On Tuesday November 3rd 1942 Plymouth-born merchant seaman Duncan Alexander Scott-Ford, aged 21, was hanged at Wandsworth Gaol for treachery.  [7]

Lord Astor was elected to his fourth term of office as Lord Mayor on Monday November 9th 1942.  [7]

The Freedom of Plymouth was presented by Lord Astor to Field-Marshal Smuts at South Africa House in London on Thursday November 12th 1942.  [7]

Church bells were rung throughout the country on Sunday November 15th 1942 to celebrate the success of the forces of the Empire and Allies in the Battle of Egypt.  [7]

On Sunday November 22nd 1942 the milk ration for non-priority consumers was reduced to two pints a week.  [7]

The Archbishop of Canterbury visited the City on Wednesday November 25th 1942 and opened the St John Centre at Devonport.  [7]

Church bells were rung on Christmas Day (Friday December 25th) 1942 between 9am and 12 Noon.  [7]

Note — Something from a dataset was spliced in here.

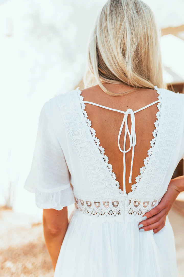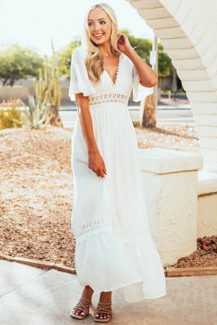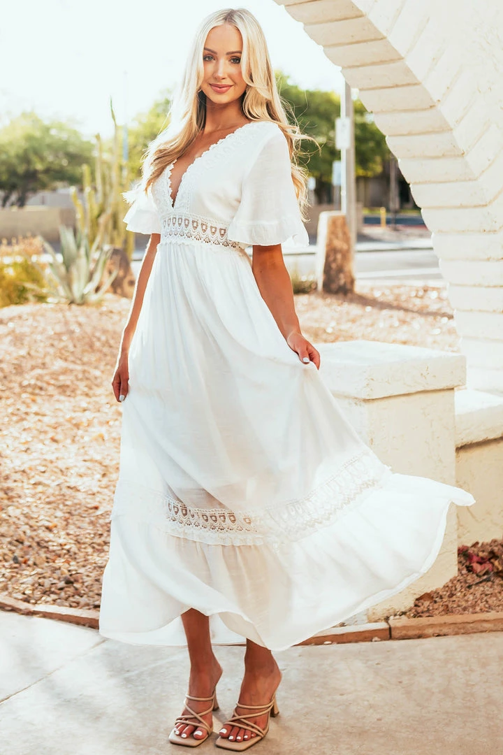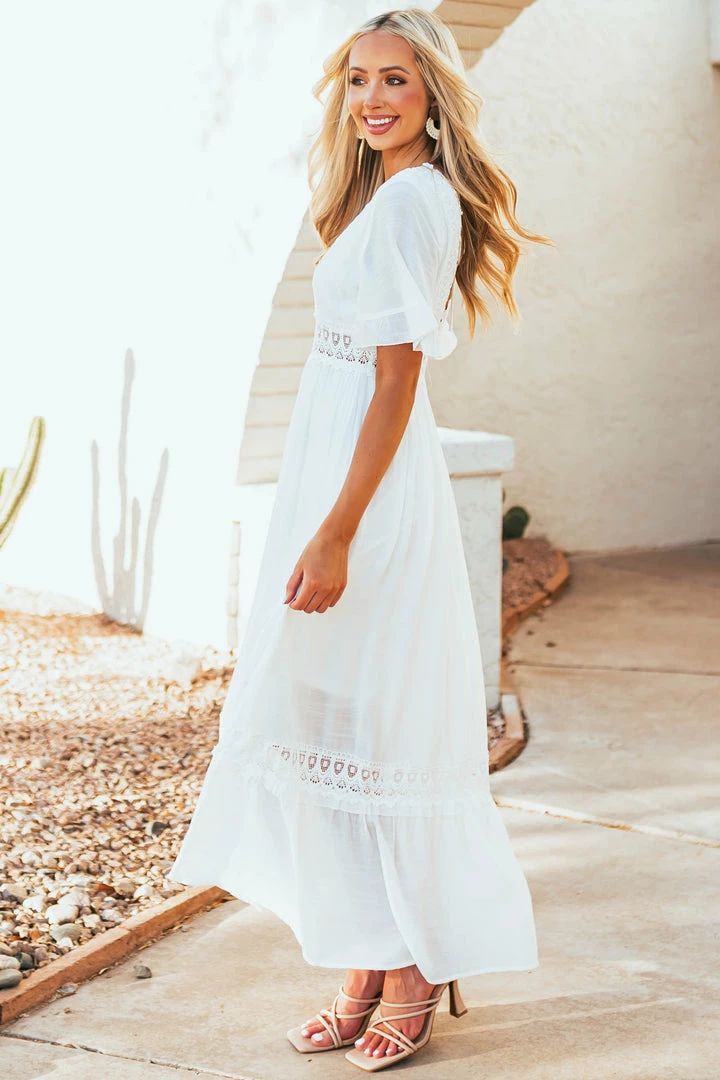 - Off White Short Ruffle Sleeve Maxi Dress with Lace Details

[1]  Doidge’s Western Counties Illustrated Annual, 1943, Western Morning News Co Ltd, Plymouth, 1943.

[2]  “ -- ? – “, Western Evening Herald, Plymouth, January 8th 1942.

[2a]  "Premier Piloted Giant Berwick: Air Record Broken", Western Morning News, Plymouth, January 19th 1942.

[3]  “ -- ? –“, Western Evening Herald, Plymouth, January ….., 1942.

[4]  “Kiddies See Hero-Fathers Decorated: City Firemen and police at Palace”, Western Evening Herald, Plymouth, March 5th 1942.

[5]  “He Brings Down the House!”, Western Evening Herald, Plymouth, March 5th 1942.

[5a]  Plymouth City Council minute number 1749 dated September 18th 1942.

[6]  Eyles, Allen, “Gaumont British Cinemas”, Cinema Theatres Association and the British Film Institute Publishing, London, 1996, ISBN 0-85170-519-7.

[7]  Doidge’s Western Counties Illustrated Annual, 1944, Western Morning News Co Ltd, Plymouth, 1944.